The Boston Celtics have a history that dates back to 1946; ownership has changed hands 14 times, and today they rank among the top basketball teams in the NBA. Since 2001-02 season until the 2017-18 season, the revenue for the Celtics has almost tripled from $96 million to $287 million, consistently rising except for few declines in the 2008-09 season and between 2009 to 2012. For the last three years, the Celtics have retained their fifth position among the most valuable franchises in the NBA. As of February 2019, their value was estimated to be around $2.8 billion, increasing from $2.2 billion and $2.5 billion in 2017 and 2018 respectively. The team has not always been making billions. Matter of fact is they were worth $274 million in 2003, but they have climbed their way to the top thanks to the many revenue sources among which are:
As the Sports Business Journal reported in July 2011, the Boston Celtics were in the process of extending their media rights with Comcast SportsNet New England by 20 years through to 2038. By then the team had a deal with Comcast that saw them receive $15 to $20 million per year, an amount that was not at par with the franchise's value. However since the contract was to expire in 2017, the extension led to a better financial arrangement for the team.

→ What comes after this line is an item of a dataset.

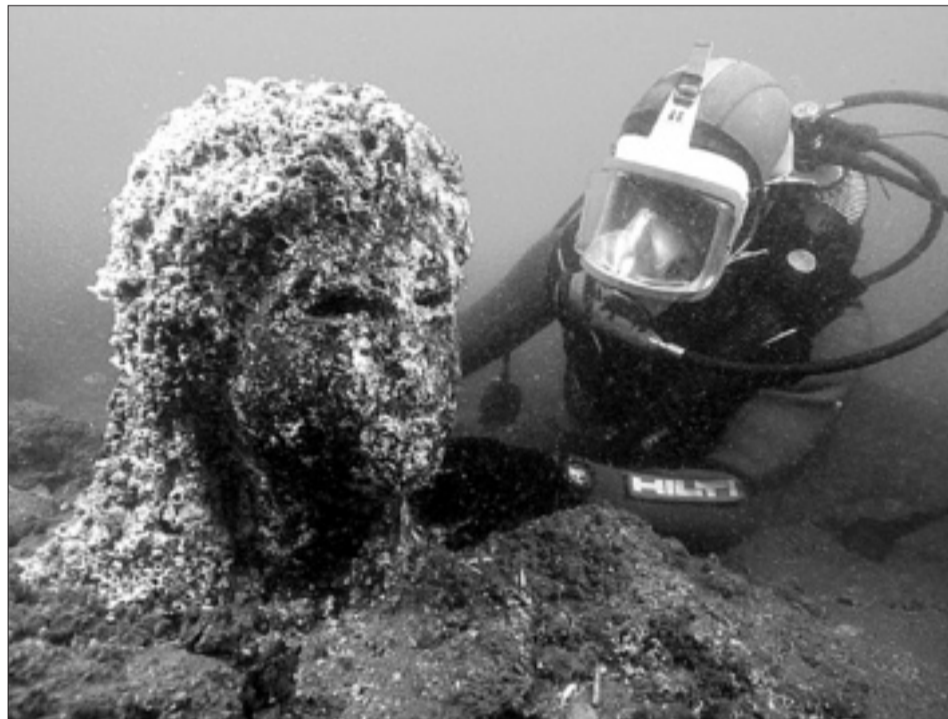
Arriba y abajo, piezas de arqueología halladas por el equipo de Goddio en Heraklion, el puerto de Alejandría, y que se exponen en Tesoros sumergidos de Egipto .

Aunque la San Diego era patrimonio español, se compró su cargamento por 3,5 millones de dólares

According to Forbes, currently, the Boston Celtics get $36 million in rights fee which is double the amount they were getting before the extension. Further, the Celtics took up 20% stake in the sports network, and although the specific details of the deal remain undisclosed, the Celtics received a hefty signing bonus, and the rights fee will increase steeply in the first several years.
Adage detailed the information surrounding the General Electric and the Celtics sponsorship deal that entails the Celtics receiving more than $7 million per year for three years. Both sides did not reveal the specifics although the Jersey sponsorship discussions had begun earlier in 2016 and Steve Pagliuca settled on General Electric as the ideal partner. The Celtics became the third team to enter into a jersey sponsorship deal after the NBA approved the move through a three-year trial period starting from the 2017-18 season to help teams make additional money. By September 2017, 14 NBA teams had signed up for the jersey sponsorship deals with the Warriors having the most lucrative contract that earns them $20 million per year.
General Electric moved its headquarters to Boston in 2016 and took advantage of the opportunity that the NBA presented by moving in to have the 2.5 inches by 2.5 inches logo on the Celtics jerseys. Additionally, the Celtics according to the Boston Herald also get a joint community service initiative as well as data and analytics to improve performance and prevent player injuries.
Naming rights revenue
According to Boston.com Business, TD Banknorth entered one of the most expensive deals in the country in March 2005 when it bought the naming rights for the FleetCenter, for $6 million per year. In June 2005, TD Banknorth Garden replaced the FleetCenter name. According to ESPN, the change in naming rights came after Charlotte acquired FleetBoston Financial Group for $48 billion in 2005 and preferred not to have a new naming rights deal, leaving the door open for bids which TD Banknorth won. The naming rights deal with the Celtics will run through 2025 by which time TD Banknorth will have paid a total of $119 million to the Celtics.
According to Statista, the gate receipts for the Celtics have increased over the last eight years from $59 million to $88 million in 2018. However, the significant boost came in 2017 when the revenues hiked to $77 million since before then they were averaging between $56 million and $59 million except for 2013 when they were $62 million. The price of tickets is not consistent and depend not only with the game but also the seat location since of course the better the view, the higher the cost. One game can have tickets ranging from $41 to $1,270 while yet another will be between $76 to $6,805. In 2016, the gate revenues were $56 million with each fan raking in $29 for the team.